Этот идеальный мир Миллер изобразит со всей подобающей теме серьезностью в тексте «Колосс Маруссийский»[210]. В нем описывается современная Греция, в которой Миллер обнаруживает проявления древней цивилизации, близкой по духу к его идеалу. Впрочем, стоит отметить, что модель совершенного мира автор не торопится локализовать в истории, приписав ее какой-то конкретной эпохе. Даже говоря о греческой цивилизации, Миллер находит ее далекой от совершенства и чреватой распадом[211].

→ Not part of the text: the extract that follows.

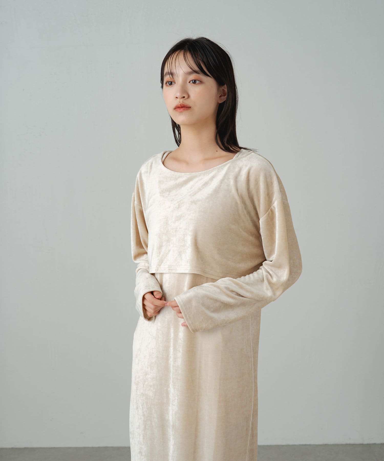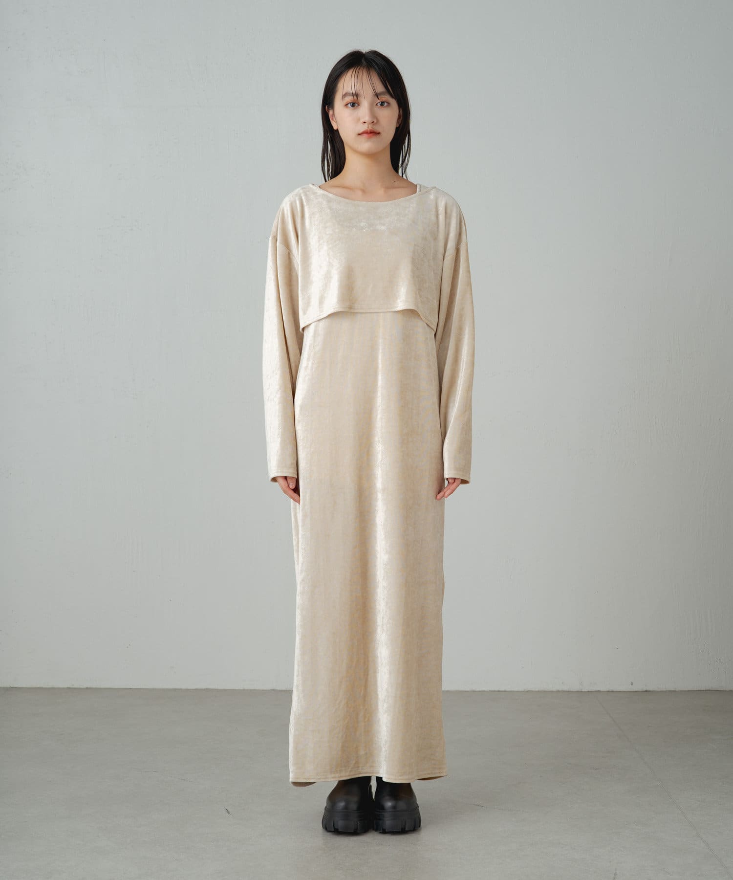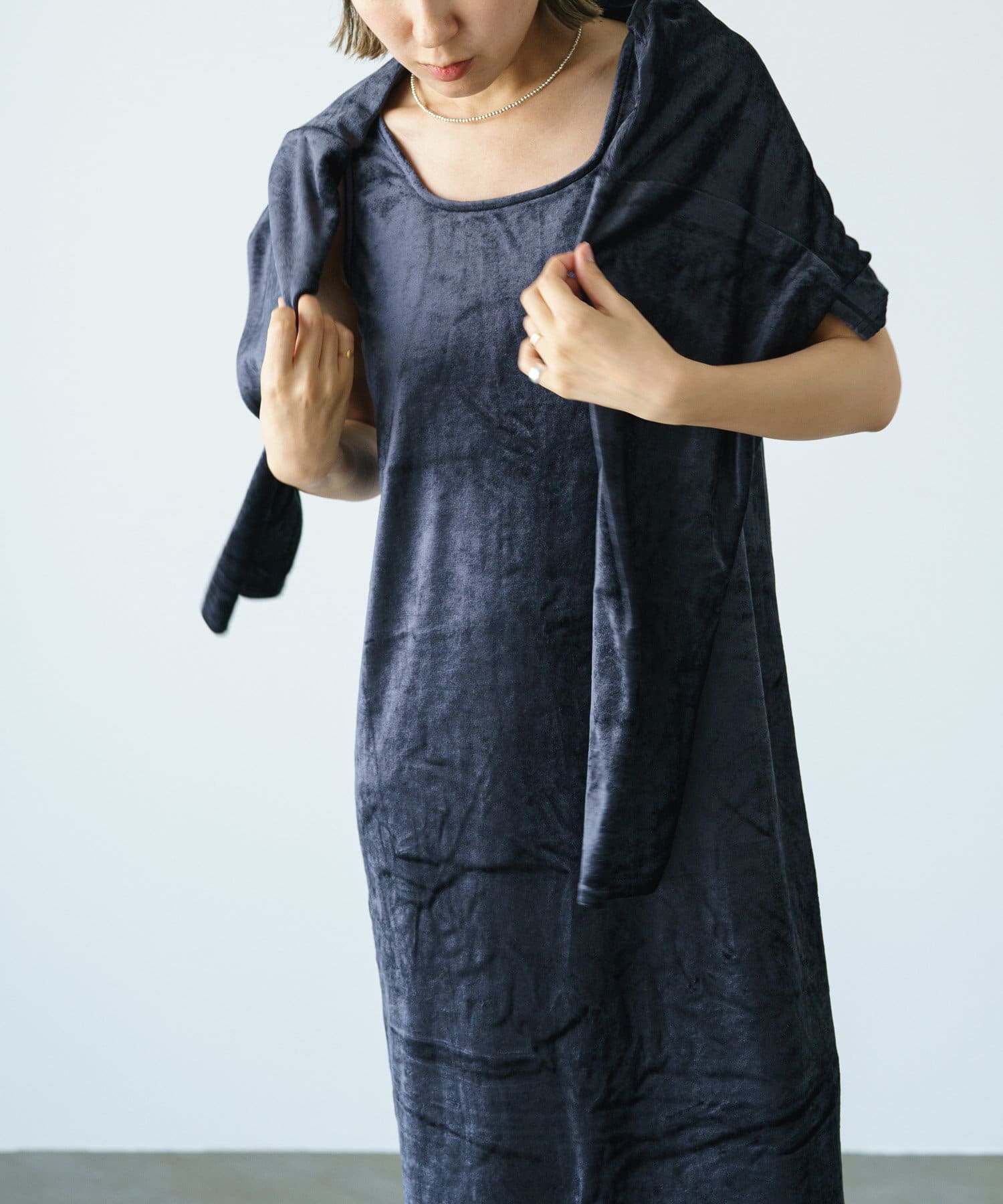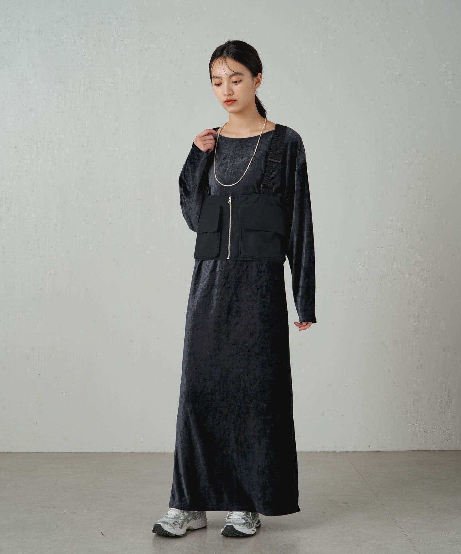 【earthy_】ベロアショートプルオーバータンクワンピセット

Идеал для Миллера неотделим от конкретного переживания. Поэтому его совершенный мир, подобно Золотому веку романтиков — это, скорее, внутреннее состояние человека. Оно трансисторично. В «Тропике Козерога» Миллер воссоздает свой идеал — правда, в несколько пародийной форме, не желая видеть его абсолютизированным, отчужденным от банального и повседневного. Это фантазии повествователя, причем переданные не реалиями современного мира, а мифологическими образами и аллегориями. Миллер рисует, с одной стороны, некий доисторический мир, населяемый какими-то причудливыми существами, богами и героями, с другой — коллективную память человечества, которая сегодня вытеснена репрессивным разумом в область бессознательного. Стремясь показать читателю, что дело вовсе не в эпохе, не в обстоятельствах, пытающихся детерминировать человека, а в самом человеке, автор «Тропика Козерога» весьма последователен. Ведь он располагает свой идеал не только в мифологическом пространстве, но и в современности. Достаточно вспомнить эпизод, где Миллер-персонаж застывает перед мостом в Аризоне. Эта реальность большей частью воображаема. Она создана творческим усилием индивидуальной воли: «Тогда это была Аризона: не плод воображения, а само воображение — в обличье лошади и всадника. И даже больше, чем воображение как таковое, ибо там не было ни намека на ауру двусмысленности — было лишь четкое и строгое, отдельно взятое понятие в виде слитых воедино мечты и мечтателя, сидящего верхом на лошади» (198–199).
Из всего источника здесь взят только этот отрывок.